One of the most important steps in the design process is to understand the problem. Otherwise, the hard work of the design might turn out to be a waste. In designing a bridge, for instance, if the engineering design team does not understand the purpose of the bridge, then their design could be completely irrelevant to solving the problem. If they are told to design a bridge to cross a river, without knowing more, they could design the bridge for a train. But, if the bridge was supposed to be for only pedestrians and bicyclists, it would likely be grossly over-designed and unnecessarily expensive (or vice versa). So, for a design to be suitable, efficient and economical, the design team must first fully understand the problem before taking any action.

Determining the potential loads or forces that are anticipated to act on a bridge is related to the bridge location and purpose. Engineers consider three main types of loads: dead loads, live loads and environmental loads:

Values for these loads are dependent on the use and location of the bridge. Examples: The columns and beams of a multi-level bridge designed for trains, vehicles and pedestrians should be able to withstand the combined load all three bridge uses at the same time. The snow load anticipated for a bridge in Colorado would be much higher than that one in Georgia. A bridge in South Carolina should be designed to withstand earthquake loads and hurricane wind loads, while the same bridge in Nebraska should be designed for tornado wind loads.

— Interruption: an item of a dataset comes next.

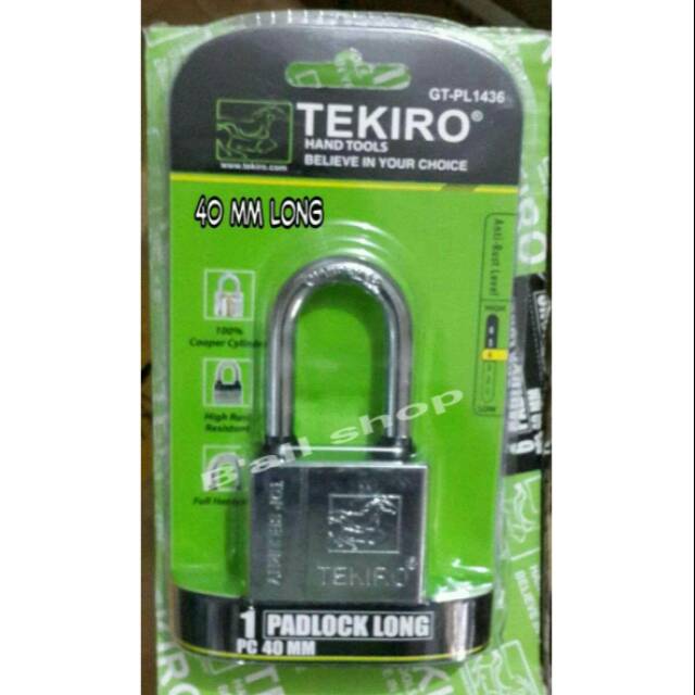 Gembok 40 leher panjang tekiro.Dapat di gunakan utk mengunci piringan pada motor. Original 100% T
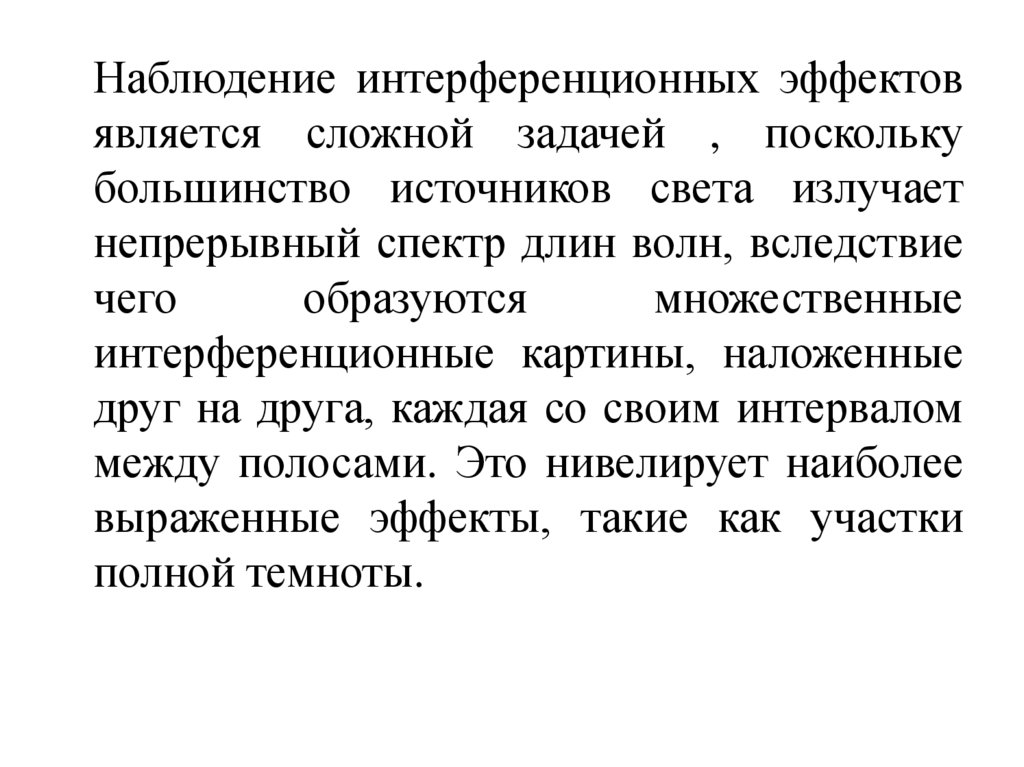 Наблюдение интерференционных эффектовявляется сложной задачей , поскольку

During bridge design, combining the loads for a particular bridge is an important step. Engineers use several methods to accomplish this task. The two most popular methods are the UBC and ASCE methods.

Every beam shape has its own cross sectional area calculations. Most beams actually have rectangular cross sections in reinforced concrete buildings, but the best cross-section design is an I-shaped beam for one direction of bending (up and down). For two directions of movement, a box, or hollow rectangular beam, works well (see Figure 3).

What are examples of load types? (Possible answers: Vehicles, people, snow, rain, wind, the weight of the bridge and its railings and signs, etc.) Why would the loads make a difference in how an engineer designed a bridge? (Answer: Engineers must figure out all of the loads that might affect bridges before they design them.) If you were an engineer, how would you go about designing a bridge to make sure it was safe? (Discussion points: First, fully understand the problem to be solved with the bridge, its requirements and purpose. Then figure out all the possible types of loads [forces] that the bridge might need to withstand. Then calculate the highest possible load the bridge might have to withstand at one time. Then figure out the amount of construction material required that can resist that projected load.)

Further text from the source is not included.